How to Deal with Female Ejaculation Messes

After reading the book Female Ejaculation and the G-Spot by Deborah Sundahl, I've been thinking hard about the inherent prejudices against the sexy women who gush, squirt, dribble, or spray. While other women are joyfully getting their groove on any and everywhere, we are discriminated against in the arena of sexual possibility: we can't do it in cars, hotel rooms, beds, couches, sofas, our parents' guest bedroom, or anywhere else covered in fabric or where other people could see the proof of our "playing." *sob* It's a hard life.

So, if having sex for the rest of your life on cold, painful, hard tile floors is not appealing to you (me, either!), I have amassed some resources from internet research, sex toy websites, the wisdom of my girfriends, and years of experience. Here are a few trinkets that should do the trick:

1. The most obvious (and most unappealing) answer is to just have sex in places where it won't matter if you spray and where cleanup is easy. These include the outside (ick!), the shower (I hate standing up for sex!), or hardwood/tile/linoleum floors (ow!).

2. The next, but equally unappealing, suggestion is to change the sheets (and bedcover, and blanket, and pillows, and mattress cover, and mattress if you're like me...).
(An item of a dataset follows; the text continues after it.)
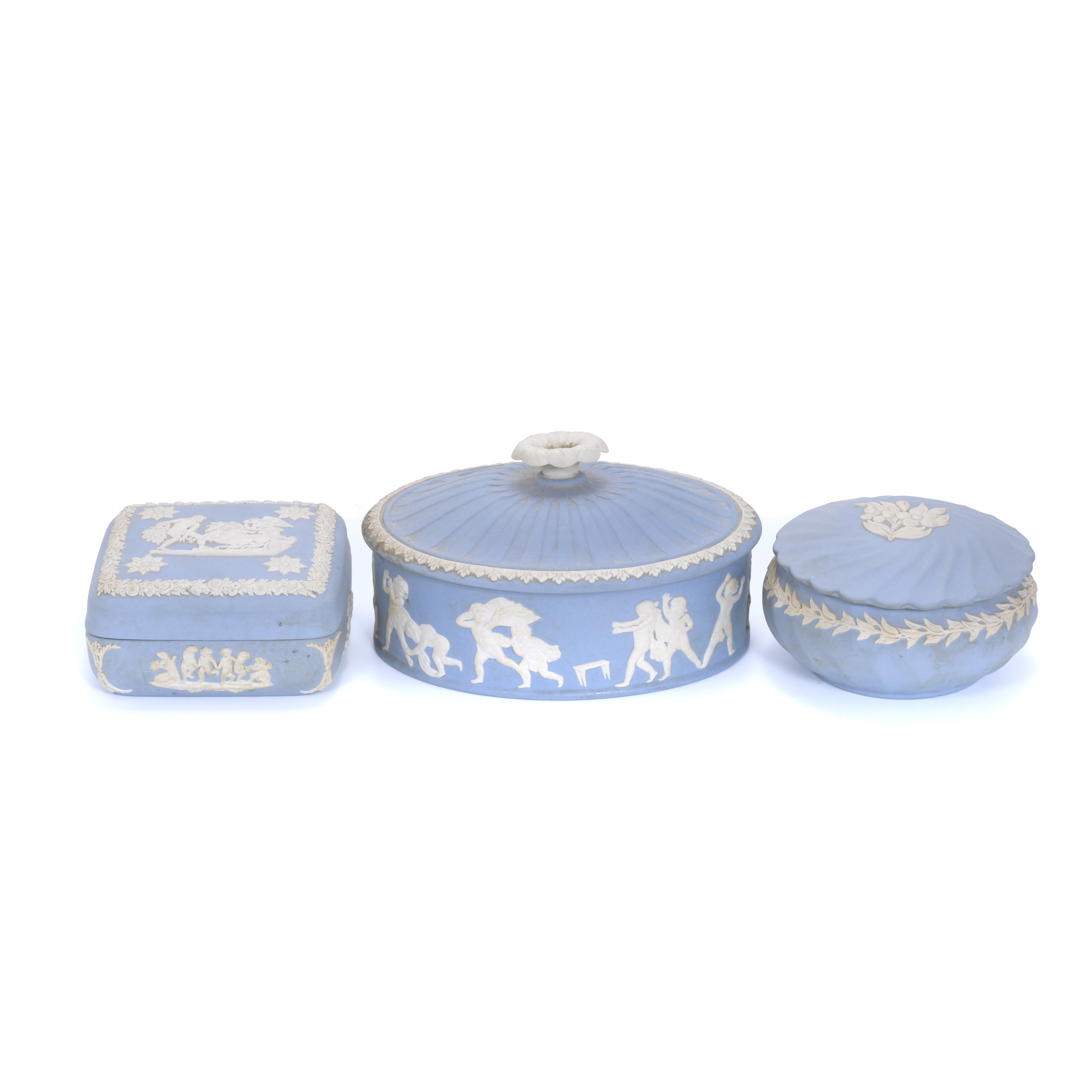 252. WEDGEWOOD MANUFACTURE. THREE PORCELAIN CHOCOLATES JARS.

Again, good sex deserves to be rewarded with good cuddling and sleep, not hopping your naked butt out of bed to do laundry!
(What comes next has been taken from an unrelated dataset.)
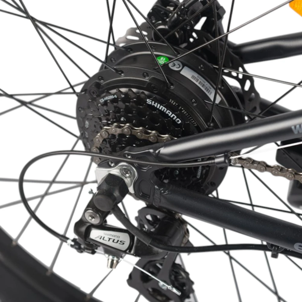 Важной частью новинки Eltreco Walter является его мощный электродвигатель с возможностью плавного старта. На велогибриде установлен электромотор мощностью 350 Ватт, позволяющий разогнаться до 35 км/ч, и легкосъёмный аккумулятор ёмкостью 10 Ач  и напряжением 36 В, который даёт возможность преодолевать до 50 км на одном заряде.

3. Towels. Lots and lots of towels. Put them under your butt, and have more ready nearby so you can just change them out as you soak through. Of course, the downside is it's hard to aim for one tiny towel during a rompin' good time, it kills the mood to stop and change towels mid-scene, and you can still soak through to the bedding.

4. Aim for the man. Let's face it, I've never met or heard of a guy who was not absolutely thrilled with female orgasm. Most are willing to drink it; though some may balk at that, none mind getting it on their skin. It's easier to wash a man than a sheet.
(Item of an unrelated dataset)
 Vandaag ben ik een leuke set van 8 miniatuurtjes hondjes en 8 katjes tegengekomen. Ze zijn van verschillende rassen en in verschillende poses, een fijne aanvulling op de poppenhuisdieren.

5. Get creative with your mattresses. One idea is to put two made mattresses on your bed. After sex, throw the top one on the floor and sleep on the warm, dry one underneath. Another idea is to buy a plastic mattress cover. Or, if you don't like creaking your way through sex, buy an inflatable plastic bed that you can just hose off afterward.

6. Buy a commercially-made furniture protector for this very purpose. I found several sex toy stores that carry them. Holistic Wisdom has a waterproof throw for $85. Getinthemood.com sells disposable Luv Liners for $12.99 and washable Luv Linens for $36 (although I feel compelled to mention the site isn't very professionally done and has spelling and grammatical errors at a high school level). A Woman's Touch sells a Liberator's Shag/Satin Thro for $86. Have fun, wash, and reuse.